Information supplied:
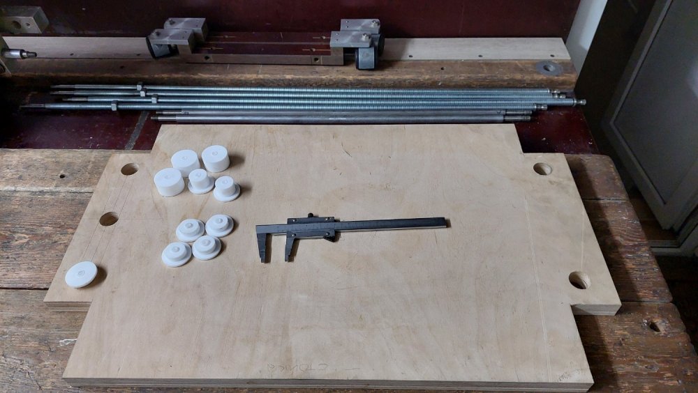 Добрый день, это провод с чермета Советской эпохи, катушки возбуждения статора размотал, точно марку не скажу, изоляция стекловолокно - вероятно ПСД. Четыре катушки, куда его нагревостойкость применить? Прикидывал пустить его на первичку выходных трансформаторов ГМ70 (двух катушечных), но его немного не хватало, пробивное напряжение небольшое, как он в звуке тоже непонятно. Решил пустить на дроссели, не выбрасывать ведь. Продолжу о намоточном устройстве... к сожалению станок "Универсал 3" имеет не большие размеры и большие катушки на нем не намотать, как по диаметру 70мм, так и по длине. Но зато он занимает мало места в квартире, весит всего 60кг., имеет грамотную и жесткую конструкцию. Есть конечно упрощения/недостатки, но в 80-е годы это был лучший доступный вариант. Поднятие/перенос вала решает почти все проблемы; диаметр катушки не ограничен (в разумных пределах), длина намотки определена ходом суппорта 215мм (вал потребуется длинной 450мм). Само устройство не нарушает функциональность станка, легко и быстро монтируется, не занимает много места. Рассматривалось несколько конструктивных решений варитора; ступенчатая регулировка и варианты плавной, выбрал решение с двумя пружинами. Всегда многое зависит от наличия исходных материалов, их размеров, технологических возможностей. Тут важно гармонично связать все вместе. Например имеется закаленный шлифованный вал диаметром 12мм, длиной 350мм, его не просверлить, не нарезать резьбу. Пришлось посадку шкивов выполнить таким образом, примитивно конечно болтом придавливать, центровку нарушаем. От вероятного прокручивания сделаю на валу абразивом лыски глубиной 2мм, проточка канавки под ремень в собранном виде. На этом пока все, работаем дальше...
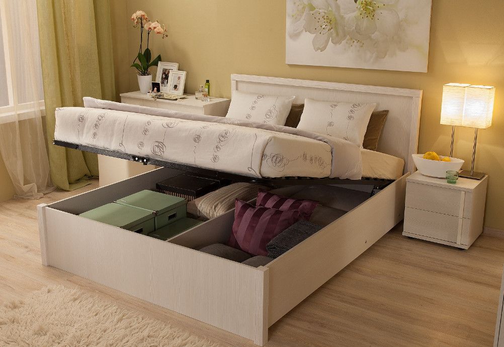Двуспальная кровать размером 160 * 200 см с подъемным основанием добавляет в спальню еще одно полноценное место для хранения, сопоставимое со шкафом для одежды. Основание легко поднять за специальную текстильную петлю. Обратите внимание, что пока не положен матрас, основание не будет опускаться. Дно образуемого под кроватью ящика - листы ХДФ - укладывается прямо на пол и предотвращает вещи от возможных загрязнений. Их легко протереть влажной тряпочкой. Высота расстояния от пола до царги кровати составляет 60 мм. Простые четкие линии, естественные для мебели декоры - древесный Дуб Сонома и благородный Орех шоколадный - легко обыграть в окружающем интерьере под тот стиль, который вам больше всего нравится. Толстые надежные опоры (49 мм) из профиля МДФ.
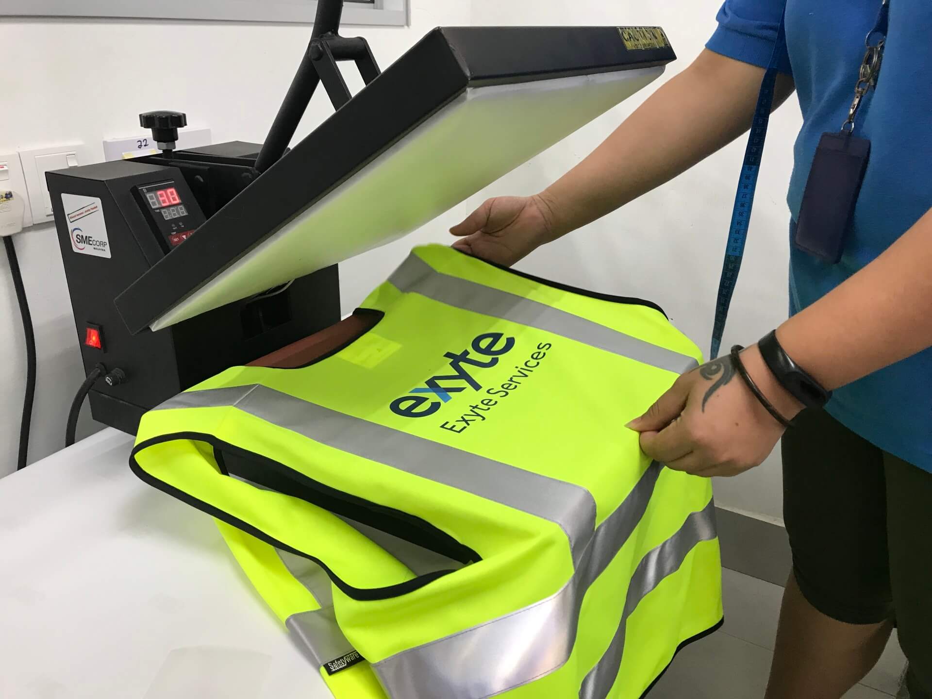 Heat transfer printing is more popular nowadays because heat transfer printing is cost effective, long lasting, better in quality and takes shorter production time. At Safetyware, with the help of our professional team and the incorporation of our modern technology machine, we can provide heat transfer printing service for your professional garments, as well as help you to customize design that is suitable to your needs.

Activity:
Write out the listing above exactly as it stands, pictures excluded.

Result for this task:
 Добрый день, это провод с чермета Советской эпохи, катушки возбуждения статора размотал, точно марку не скажу, изоляция стекловолокно - вероятно ПСД. Четыре катушки, куда его нагревостойкость применить? Прикидывал пустить его на первичку выходных трансформаторов ГМ70 (двух катушечных), но его немного не хватало, пробивное напряжение небольшое, как он в звуке тоже непонятно. Решил пустить на дроссели, не выбрасывать ведь. Продолжу о намоточном устройстве... к сожалению станок "Универсал 3" имеет не большие размеры и большие катушки на нем не намотать, как по диаметру 70мм, так и по длине. Но зато он занимает мало места в квартире, весит всего 60кг., имеет грамотную и жесткую конструкцию. Есть конечно упрощения/недостатки, но в 80-е годы это был лучший доступный вариант. Поднятие/перенос вала решает почти все проблемы; диаметр катушки не ограничен (в разумных пределах), длина намотки определена ходом суппорта 215мм (вал потребуется длинной 450мм). Само устройство не нарушает функциональность станка, легко и быстро монтируется, не занимает много места. Рассматривалось несколько конструктивных решений варитора; ступенчатая регулировка и варианты плавной, выбрал решение с двумя пружинами. Всегда многое зависит от наличия исходных материалов, их размеров, технологических возможностей. Тут важно гармонично связать все вместе. Например имеется закаленный шлифованный вал диаметром 12мм, длиной 350мм, его не просверлить, не нарезать резьбу. Пришлось посадку шкивов выполнить таким образом, примитивно конечно болтом придавливать, центровку нарушаем. От вероятного прокручивания сделаю на валу абразивом лыски глубиной 2мм, проточка канавки под ремень в собранном виде. На этом пока все, работаем дальше...
Двуспальная кровать размером 160 * 200 см с подъемным основанием добавляет в спальню еще одно полноценное место для хранения, сопоставимое со шкафом для одежды. Основание легко поднять за специальную текстильную петлю. Обратите внимание, что пока не положен матрас, основание не будет опускаться. Дно образуемого под кроватью ящика - листы ХДФ - укладывается прямо на пол и предотвращает вещи от возможных загрязнений. Их легко протереть влажной тряпочкой. Высота расстояния от пола до царги кровати составляет 60 мм. Простые четкие линии, естественные для мебели декоры - древесный Дуб Сонома и благородный Орех шоколадный - легко обыграть в окружающем интерьере под тот стиль, который вам больше всего нравится. Толстые надежные опоры (49 мм) из профиля МДФ.
 Heat transfer printing is more popular nowadays because heat transfer printing is cost effective, long lasting, better in quality and takes shorter production time. At Safetyware, with the help of our professional team and the incorporation of our modern technology machine, we can provide heat transfer printing service for your professional garments, as well as help you to customize design that is suitable to your needs.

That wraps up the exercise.